The --debug flag mentioned in the issue template doesn't seem to work.

cristobal:bci_wholesale/ (db-proxy) $ copilot env deploy --name test --debug                                                                                                                                                                                         [11:49:17]
✘ unknown flag: --debug

Expected result:

I expected the common "there are no changes to deploy" message. I was running that before actually adding more addons.

Debugging:

Looking at the resources for my environment stack, I can see that there isn't a AddonsStack resource for my addons. We can also see that in the package diff.

cristobalmackenzie commented 5 months ago

Of course I also realize that we might've broken the environment, but I have no idea how. The environment addons stack is still there, all the addons resources (bucket, RDS Instance, etc) are still there, working fine.

dannyrandall commented 5 months ago

Hey @cristobalmackenzie! To clarify, did you use Copilot to deploy the addons stack initially? (with Copilot v1.32.0, the previous version the environment was deployed with)? It's interesting to me that the AddonsStack resource isn't present in the deployed template 🤔

cristobalmackenzie commented 5 months ago

Hey @dannyrandall ! Yes indeed, we used copilot for everything. I've been looking into it, learning more about CloudFormation and I can't figure out how to replicate this. As far as I understand one shouldn't be able to end up in this state.

I did a couple of env deploy / delete with and without the addons folder (I see a couple of delete, delete failed for the addons stack) back in december, and hadn't updated since. It must've been at that time that the stack ended up that way but I can't figure out how.
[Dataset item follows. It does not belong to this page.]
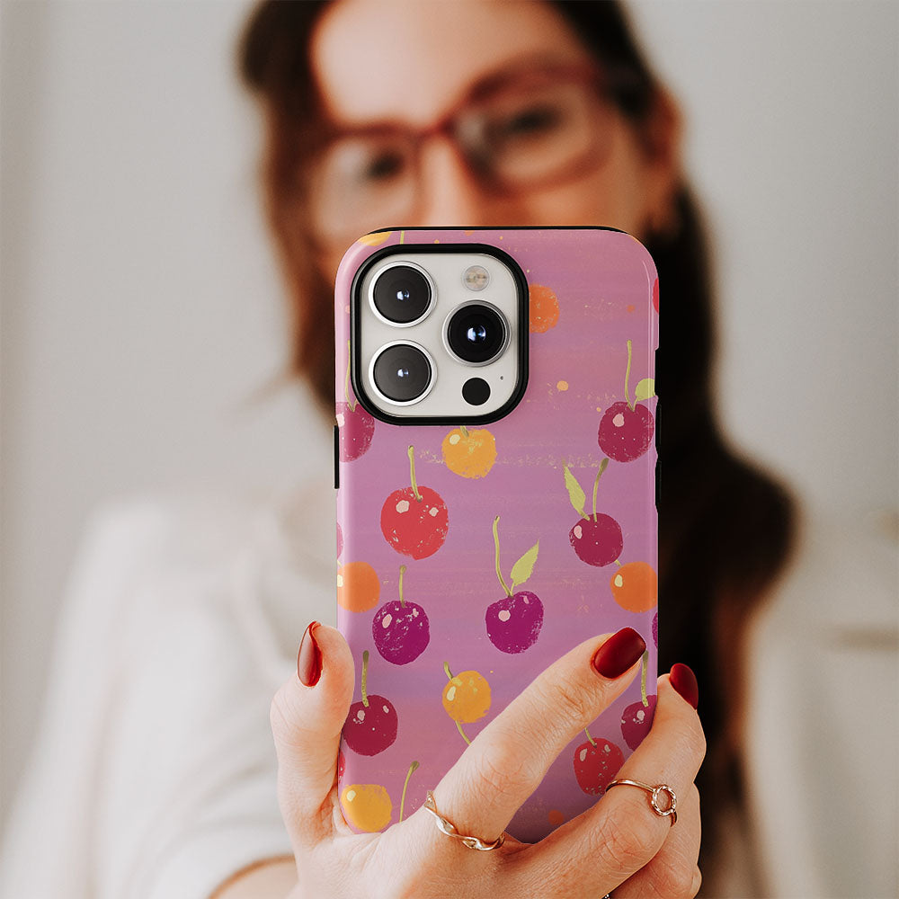 Double-Layer Semi-Handprinted Tough Matte Cherries iPhone Case

dannyrandall commented 5 months ago

Ah ok! I'm wondering if what happened is: the Addons stack failed to delete, but the main stack considered the update a success and therefore removed the AddonsStack resource from the template, which is why it's getting redeployed now.
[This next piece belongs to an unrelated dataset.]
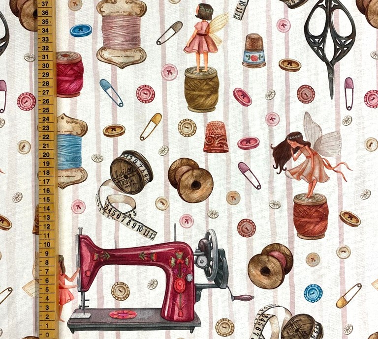 Synördar, se hit! Symaskiner, knappar och säkerhetsnålar m.m på ett tyg, kan det bli bättre? Dessutom med älvor som bonus. Vit botten med lodräta rosa ränder finns bakom dessa härliga motiv. Tryckt på en lite kraftigare bomullsväv, som lämpar sig till kuddar, gardiner, dukar, klä om stolsdynor, kassar, väskor etc.

Is the existing Addons stack in some kind of DELETE_FAILED similar state? If so, could you delete that stack directly via CloudFormation and then try redeploying your environment stack?

cristobalmackenzie commented 5 months ago

The existing Addons stack actually appears intact, it consists of a bucket and an RDS instance. There were three attempts at deletion that failed because some exports where in use by other stacks. The addons stack state is UPDATE_COMPLETE.
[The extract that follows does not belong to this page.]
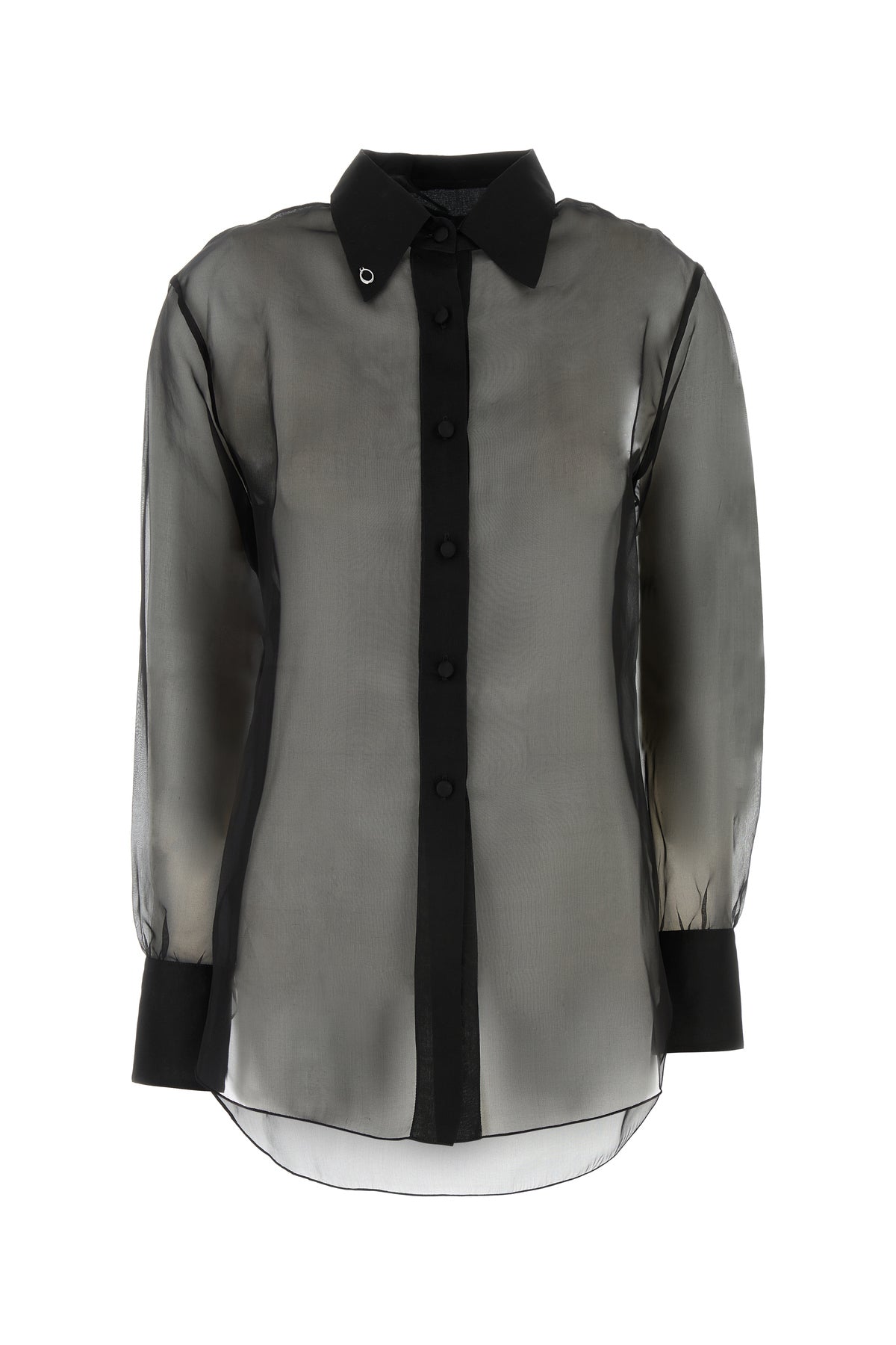 Camicia semitrasparente realizzata in organza di pura seta.

The environment stack though, shows a DELETE_FAILED state for the Addons resource in the Events tab. Subsequent updates to the Addons resource start with CREATE_FAILED, which is when I found this issue.

I could manually delete the stack and recreate the whole thing, but I'd like to try and not delete it since its being used daily. If there are no other possible workarounds though, I might not have a choice.

I tried to use the Import resource feature of CloudFormation to reincorporate the Addons stack into the environment template but couldn't do it because the template has too many resources that are not supported in the import feature.